The kitty’s primary benefactor is the U.S. Open which netted the Association about $19 million in 1987, triple what mighty Wimbledon makes. These facts and other pertinent USTA information were provided for the first time in a formal USTA annual report, a significant but unheralded accomplishment of the Gordon Jorgensen presidency, and long overdue.
The hot topic of the annual meeting was the report of the Special Committee on Player Development which was appointed last year to respond to the plunging fortunes of Americans at Wimbledon, the U.S. Open and in Davis Cup. The Committee’s goal quickly ballooned to a master plan to enlarge the USTA player base and to provide new programs to allow all our best players to reach their full potential.
Two minor glitches in the Player Development Committee’s presentation were not widely reported but should be briefly observed for the record. During the week, Stan Smith was announced as the USTA’s director of coaching, the glitch being that Stan was on the selection committee. One extenuating circumstance was that the requirement for the director to live in Princeton, N.J., was about to be lifted for finalists Dennis Ralston and Tom Gullikson at which point someone observed that the Princeton proviso was a reason Smith had not thrown his hat into the ring in the first place. Considering that in the process of selecting one king of coaching, you are simultaneously rejecting a dozen other highly qualified pretenders to that throne, sensitivity was short-circuited.
None of this has anything to do with Smith’s ability to do the job.

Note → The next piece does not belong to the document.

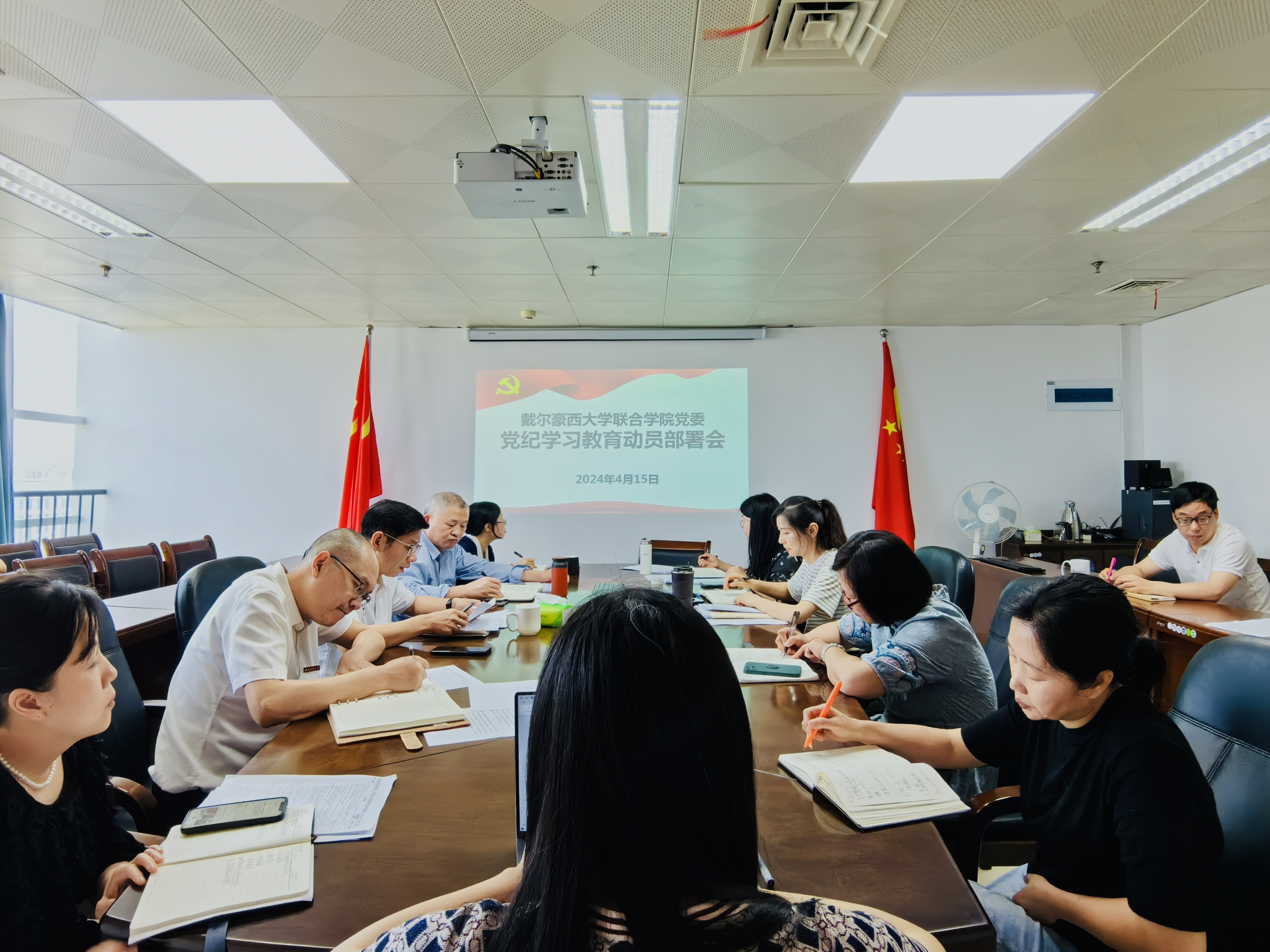 4月15日上午,戴尔豪西大学联合学院党委召开党纪学习教育动员部署会,认真传达学习贯彻习近平总书记关于开展党纪学习教育的重要讲话和重要指示精神、党中央《关于在全党开展党纪学习教育的通知》,贯彻落实省委、校党委常委会暨党的建设工作领导小组会议精神,部署开展学院党纪学习教育工作。学院党政领导班子成员、党委委员、党支部书记及科级干部参加会议,院党委书记林平主持会议。

But even his credentials and image, which are impeccable, won’t help him if he doesn’t produce. Ralston and Gullikson, by the way, are frontrunners for selection as two of the four national coaches.
The other glitch, which may not go away as easily as the selection snafu, is the simmering tempest of U.S. team members being required to wear Adidas clothing. Naturally, other manufacturers, particularly Ellesse, which start supplying promising juniors with clothes in their early teens, are irate that their prior relationships are being fiddled by Adidas.
The amount of money the USTA receives for Adidas to be an official supplier is inconsequential to the overall team budget, so that can’t be used as a bona fide reason. And the rationale that the team must look the same is weak also. Manufacturers would accept that Adidas supply the ceremonial part of the uniform (blazer and warm-ups), but the shorts, shirt and dress are performance related and should be up to the athlete. But if bullying is the mode, go all the way. Force the team to use Adidas shoes, socks, racquets and string. And eat Adidas energy bars as well.
To conclude my annual meeting observations on an up-tic, it should be pointed out that the USTA inaugurated its volunteer service awards to those with more than 10, 25 and 50 years of service: 50 year pins went to James H. Van Alen, Mike Blanchard and Dave Freed. Finally, whether you agree with Jorgensen or First Vice President David Markin on the issues before the Association is immaterial, but in light of less than cozy relationships of past presidents and their successors, it was a continuing boost to spirits to witness Jorgensen and Markin actually enjoy each other’s company all week. And it’s a long week.